From: ebiederm-aS9lmoZGLiVWk0Htik3J/w@public.gmane.org (Eric W. Biederman)
To: Tejun Heo <tj-DgEjT+Ai2ygdnm+yROfE0A@public.gmane.org>
Cc: Michal Hocko <mhocko-AlSwsSmVLrQ@public.gmane.org>,
Linus Torvalds
<torvalds-de/tnXTf+JLsfHDXvbKv3WD2FQJk+8+b@public.gmane.org>,
cgroups-u79uwXL29TY76Z2rM5mHXA@public.gmane.org,
containers-cunTk1MwBs9QetFLy7KEm3xJsTq8ys+cHZ5vskTnxNA@public.gmane.org,
linux-kernel-u79uwXL29TY76Z2rM5mHXA@public.gmane.org,
kent.overstreet-Re5JQEeQqe8AvxtiuMwx3w@public.gmane.org,
Li Zefan <lizefan-hv44wF8Li93QT0dZR+AlfA@public.gmane.org>,
Glauber Costa <glommer-Re5JQEeQqe8AvxtiuMwx3w@public.gmane.org>,
Johannes Weiner <hannes-druUgvl0LCNAfugRpC6u6w@public.gmane.org>
Subject: Re: memcg creates an unkillable task in 3.2-rc2
Date: Mon, 29 Jul 2013 11:06:24 -0700 [thread overview]
Message-ID: <8738qx1brz.fsf@xmission.com> (raw)
In-Reply-To: <20130729172046.GI22605-9pTldWuhBndy/B6EtB590w@public.gmane.org> (Tejun Heo's message of "Mon, 29 Jul 2013 13:20:46 -0400")
Tejun Heo <tj-DgEjT+Ai2ygdnm+yROfE0A@public.gmane.org> writes:
> Hey, Eric.
>
> On Mon, Jul 29, 2013 at 10:03:35AM -0700, Eric W. Biederman wrote:
>> So this is not a simple matter of a frozen task not dying when SIGKILL
>> is received. For the most part not dying when SIGKILL is received seems
>> like correct behavior for a frozne task. Certainly it is correct
>> behavior for any other signal.
>>
>> The issue is that the tasks don't freeze or that when thawed the SIGKILL
>> is still ignored. It seems a wake up is being missed in there somewhere.
>
> That's actually interesting and shouldn't be happening. Can you
> please provide more data as to what's going on while freezing? It's
> likely that the problem is not caused by freezer per-se, the task
> might be stuck elsewhere and just fails to reach the freezing point.

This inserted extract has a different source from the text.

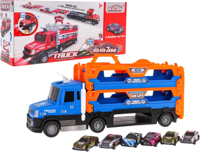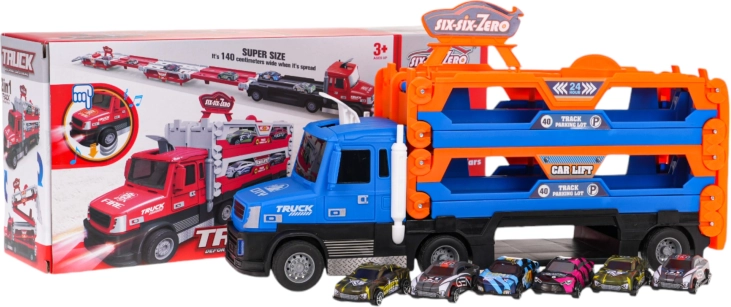 Ovaj višerazinski kamion odličan je poklon za male vozače. U zatvorenom stanju služi kao praktični sorter i garaža za autiće, a nakon otvaranja stvara dugi sustav staza (140 cm). Dovoljno je položiti autić na najnižu razinu i pritisnuti polugu na krovu – katapult ga izbacuje naprijed i zabava može početi.
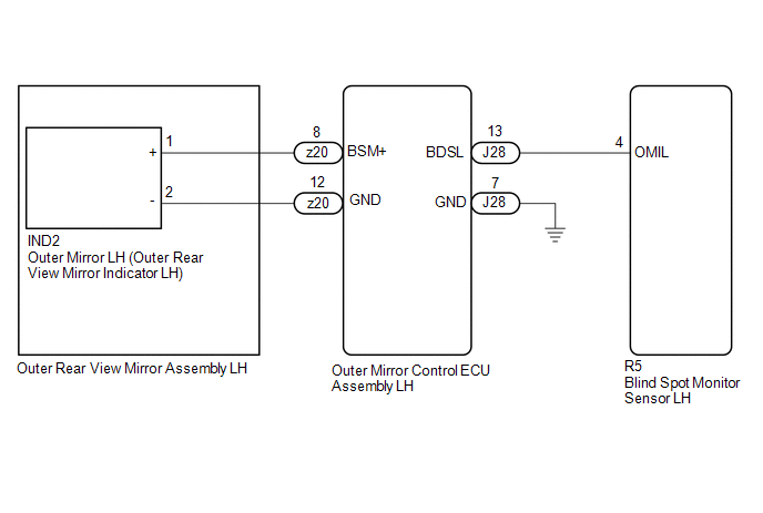 | 2. | CHECK HARNESS AND CONNECTOR (BLIND SPOT MONITOR SENSOR LH - OUTER MIRROR CONTROL ECU ASSEMBLY LH) |

Barring some infrastructure noise what is happening is:
- Setup a hierarchy with memory and the freezer
(disable kernel oom and have a process watch for oom).
- In that memory cgroup add a process with one thread per cpu.
- In one thread slowly allocate once persecond I think it is 16M of ram
and mlock and dirty it (just to force the pages into ram and stay there).
- When oom is achieved loop:
* attempt to freeze all of the tasks.
* if frozen send every task SIGKILL, unfreeze, remove the directory in cgroupfs.
The log message I am seeing says that the freezing fails.
So I don't actually know what is delivering SIGKILL. It may be the oom
situation is triguring it while we are attempting to freeze the tasks.
> Would it be possible for memcg and freezer to deadlock? Note that
> while freezing is in progress, some tasks will enter freezer earlier
> than others (of course) and won't respond to anything. If memcg adds
> wait dependency among the tasks being frozen, it'll surely deadlock.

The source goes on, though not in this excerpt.